*** Opening Given records ***
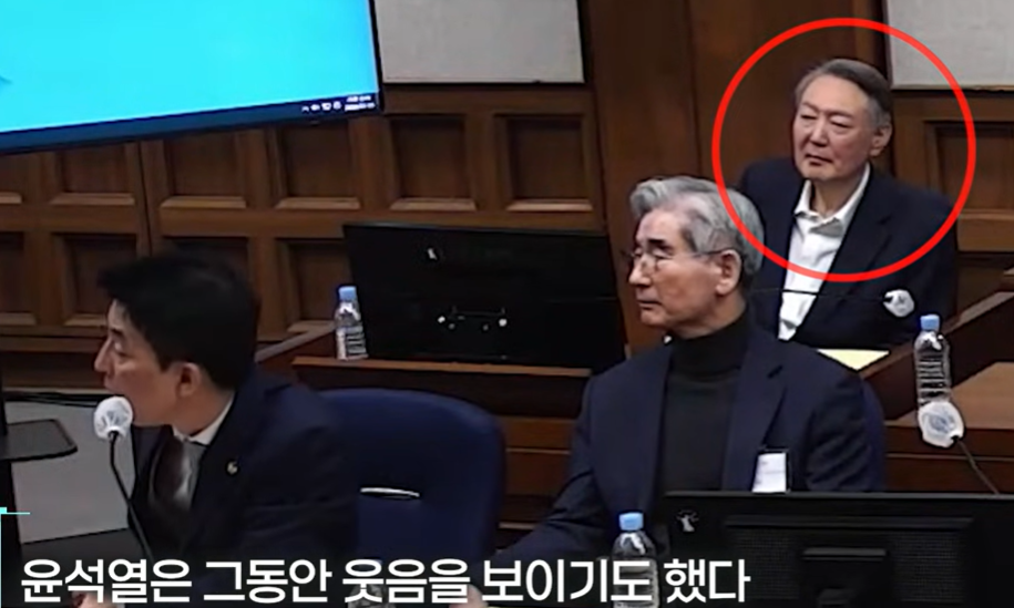 6시간50분가량 이어진 재판 동안 윤 대통령의 표정 변화가 있었던 건 두번 뿐이었다 두번 모두 홍 전 차장이 계엄과 관련한 윤 대통령의 위법한 지시를 폭로했다가 경질을 당하는 등 불이익을 받았다는 취지의 말을 했을 때다. 불편한 심기를 미소로 대신했던 것으로 보인다.
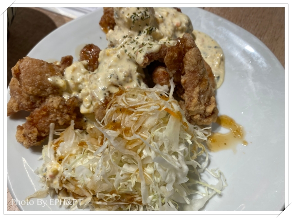 咚 南蠻炸雞送來了,上面淋著塔塔醬的炸雞看起來格外美味!
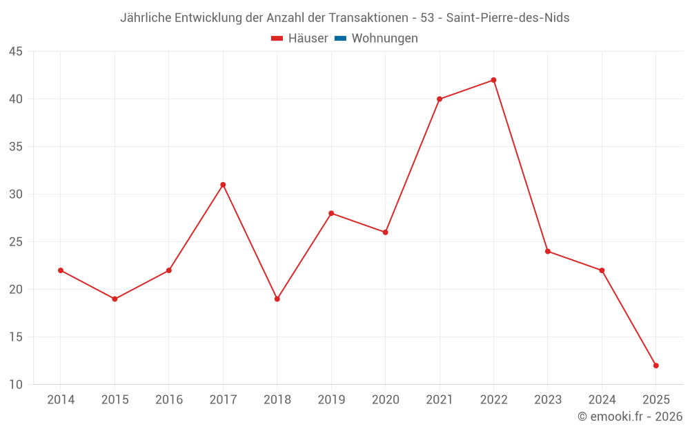 Der Durchschnittspreis auf den 26 Hausgeschäften der letzten 12 Monate in der Gemeinde Saint-Pierre-des-Nids betrug 1 088 € pro Quadratmeter für einen mittleren Immobilienwert von 124 000 €. Über diesen Zeitraum hinweg lagen 60% der Transaktionen zwischen 784 und 1 739 € pro Quadratmeter (vom 2. bis zum 8. Dezil).
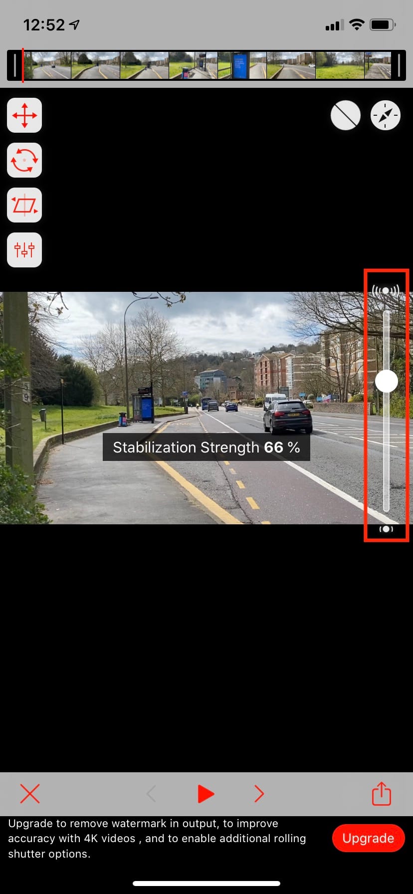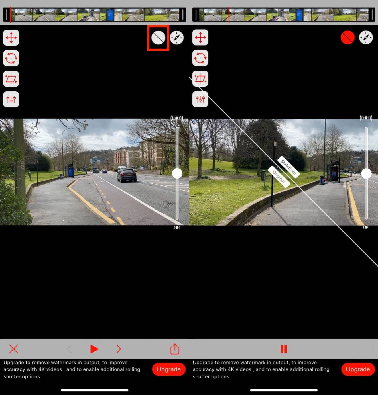 A useful tool within the app is a ‘live comparison’ between the app’s stabilised footage and the original video. This can help you decide whether to increase or decrease the stabilisation strength before exporting.
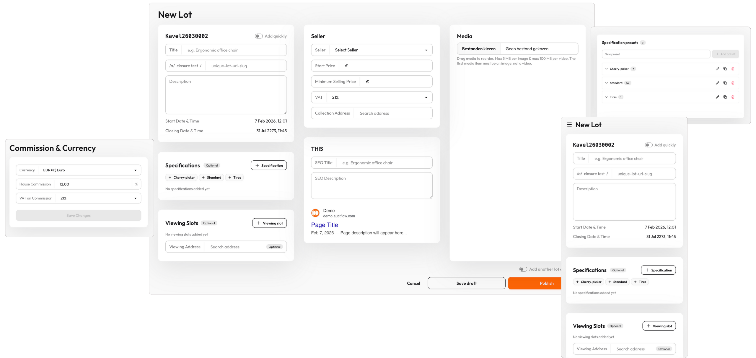 AuctFlow is designed to feel modern, calm and easy to use. Your team can navigate auctions, lots and bidders without training or complicated menus. Everything is where you expect it to be, with a layout that stays clear even when you manage large catalogs.
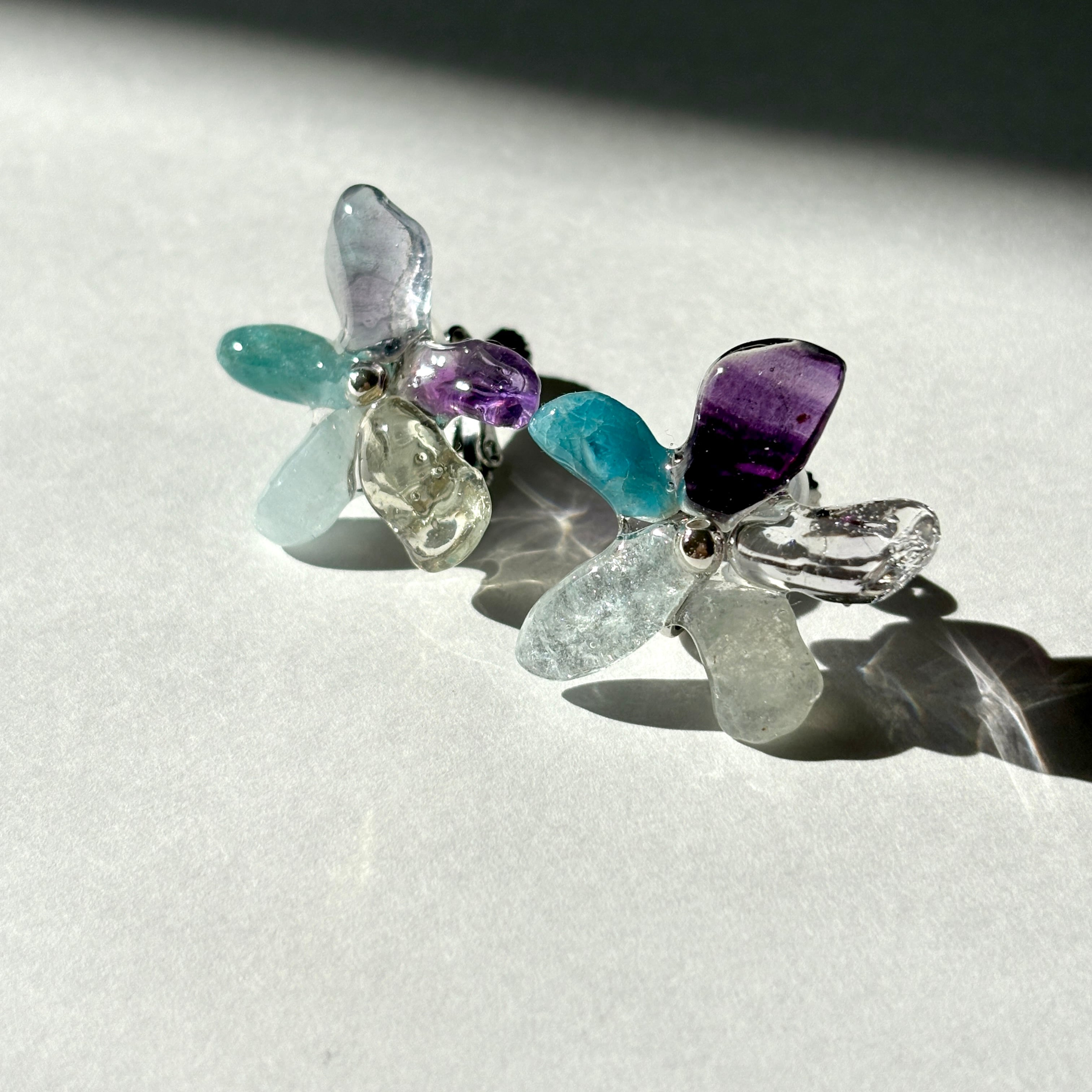 天然石を組み合わせてハートの形を作った人気の耳飾りです。 アメジストとブルーのベリルを使用しています。 ハートモチーフをさりげなく、大人っぽく身につけられるアイテムです。 全て一点モノです。 【金具】サージカルステンレス
*** Closing Given records ***
• [Exercise brief] Pictures are to be dropped; the lines from the start of the entries above through the line with "Der Durchschnittspreis auf" are to be given again verbatim.

• [Result of this exercise]
 6시간50분가량 이어진 재판 동안 윤 대통령의 표정 변화가 있었던 건 두번 뿐이었다 두번 모두 홍 전 차장이 계엄과 관련한 윤 대통령의 위법한 지시를 폭로했다가 경질을 당하는 등 불이익을 받았다는 취지의 말을 했을 때다. 불편한 심기를 미소로 대신했던 것으로 보인다.
 咚 南蠻炸雞送來了,上面淋著塔塔醬的炸雞看起來格外美味!
 Der Durchschnittspreis auf den 26 Hausgeschäften der letzten 12 Monate in der Gemeinde Saint-Pierre-des-Nids betrug 1 088 € pro Quadratmeter für einen mittleren Immobilienwert von 124 000 €. Über diesen Zeitraum hinweg lagen 60% der Transaktionen zwischen 784 und 1 739 € pro Quadratmeter (vom 2. bis zum 8. Dezil).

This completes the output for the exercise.